No había forma de calmarle, estaba tan rabioso que había roto la foto del crío al intentar romper la carta que había recibido, que tenía con otros papeles. Al rato, cuando se calmó, estaba hecho polvo por el destrozo de la foto del niño.
Le dijimos que había remedio. Pegamos la foto del criuco con papel blanco. También estaba rompiendo todas las cartas y por eso, como la foto estaba entre las cartas, la rompió. Eso era un domingo, y el lunes se escapó.
Después de los juramentos, algo más calmado, le vi que recogía ropa. Me dijo:
—Estoy preparando la ropa para mañana llevársela a la lavandera.
Se llevaba hasta las sábanas. Él llevaba la ropa a casa de una señora de Madrid que tenía el hijo en la Provincial, y Julia, su madre, recogía la ropa del hijo de esa señora y la lavaba en Santander. Así funcionábamos entonces.
Aquel lunes por la mañana temprano, como cada día, los camiones recogieron a los presos para hacer la ruta. Dejaban a cada hombre en su tajo de trabajo correspondiente. Francisco Bedoya participaba entonces en las obras del hotel del Negro, en el norte de la Castellana.
Se trataba de un hotel que había que tirar abajo para hacer la glorieta, y la bronca duró muchos años, porque las gentes que vivían arriba no querían marcharse. Mi camión dejaba allí ocho o nueve a trabajar. Uno de ellos era Paco. Luego volvíamos a recogerlos por la tarde.
Pero esa tarde Paco no se subió al camión que debía devolverle al destacamento penal de Fuencarral. Aquel día, el funcionario de prisiones de guardia en el hotel del Negro le había buscado un taxi para que se fuera a dejar la ropa para lavar, según le explicó el hombre a Pepe Elizalde. Se trataba del mejor funcionario para los presos, don Pedro.
Don Pedro el de Zaragoza, al que tanto le gustaba oír a Paco Bedoya cantando las montañesas, también comentó al chavalón de Serdio que fuera tranquilo. No, no había prisa hasta la hora de comer. Pero una cosa era no tener prisa y otra cosa que hiciera esperar a todo el grupo que iba al tajo. Llegaron las tres de la tarde, y el de Zaragoza, ya preocupado con la tardanza de Bedoya, levantó el destacamento y se volvieron para Fuencarral.
ELIZALDE: Nunca más le volvía ver, porque Paco no volvió. Yo, la verdad, pensé: «Jo, Paco se va a fugar con el mejor funcionario que tenemos».

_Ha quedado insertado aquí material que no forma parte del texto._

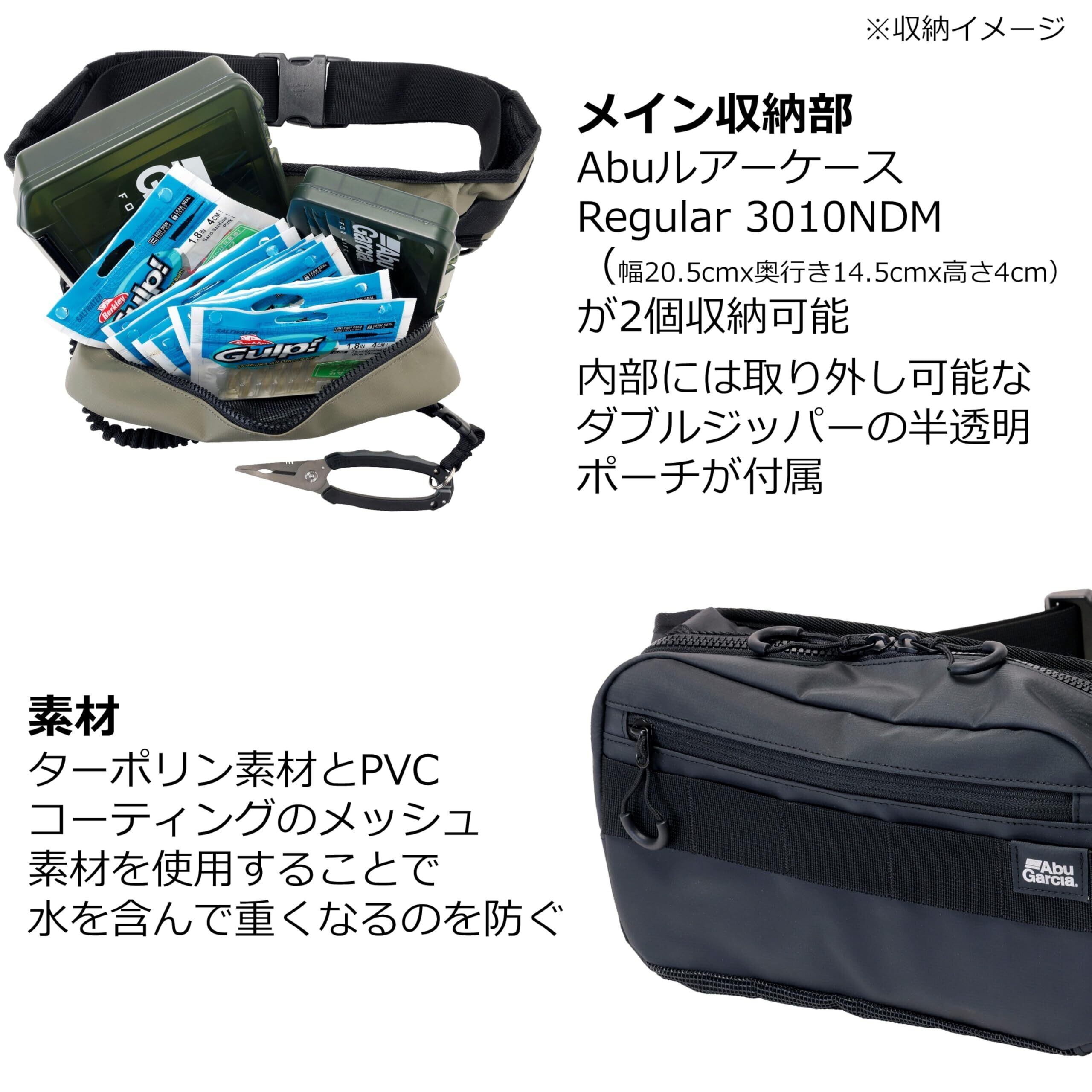 ロックショアゲームやウェーディング、SUPフィッシングなど、水の中に入る機会の多いアングラーに向けた排水機能に特化したヒップバッグ!<br>本体収納部やポケットなどにメッシュ素材を使用し、本体内部に水が入っても排水して内部に溜まらない仕様。<br>本体にはAbuルアーケースRegular 3010NDM(幅20.5cmx奥行き14.5cmx高さ4cm)が2個収納可能。<br>フロントにはファスナーポケット、その下にクリップ式のピンオンリールなどを取り付けられるループ式のテープ、ウエストベルト部にはリーシュコードなどを取り付けられるナスカンとDリングを備えている。<br>内部には取り外し可能なダブルジッパーの半透明ポーチが付属。<br>ターポリン素材とPVCコーティングのメッシュ素材を使用することで水を含んで重くなるのを防ぐ。

Los hombres del resto de los destacamentos, según regresaban a Fuencarral y ponían pie en tierra, fuera del camión, comprendieron que algo anormal pasaba. Todo estaba patas arriba, los guardias y los funcionarios tenían cara de pocos amigos y reinaba un estado de nervios e irritación poco común. Por no hablar de la cara y el disgusto del pobre maño de Zaragoza, que ya veía cómo su carrera de funcionario y su posición, relativamente cómoda en Madrid, se podía ir al traste.
Cuando entramos estaban registrando nuestras camas y nuestros petates. Yo no sabía nada y pregunté al que registraba qué pasaba.
—Cállate la boca. Paco se ha fugado.
Aquella tarde del 13 de febrero no fue el buen funcionario don Pedro quien tuvo que comunicar la noticia de la fuga de Paco Bedoya a los altos cargos. En su lugar, lo hizo el funcionario Rafael Martínez Robles, quien en un comunicado al jefe del destacamento penal decía:
El funcionario que suscribe tiene el deber de participar a Vd. que, en el día de la fecha, sobre las diez y ocho horas de la tarde, se notó en el tajo del hotel del Negro, Madrid, la ausencia del penado de este destacamento Francisco Bedoya Gutiérrez, el cual trabajaba en las citas obras en unión de veintidós reclusos más, comenzando inmediatamente su búsqueda por la pareja de la Guardia Civil de servicio adscrita a este centro y que prestaba servicio en el referido tajo, con resultados infructuosos.
Dios guarde a Vd. muchos años.
Fuencarral, 13 de febrero de 1952.
Fdo. por el funcionario don Rafael Martínez Robles.
Rápidamente comenzaron las investigaciones. Todos los hombres que se habían bajado en el hotel del Negro con Bedoya fueron encerrados en los lavabos, incomunicados, a la espera de acontecimientos. Alguien tenía que haber ayudado a Paco, aunque para entonces, don Feliciano Yuste de Lenn, el director del destacamento ya sabía lo fácil que era escaparse de allí, y más si un tipo abusaba de la confianza que le habían dado.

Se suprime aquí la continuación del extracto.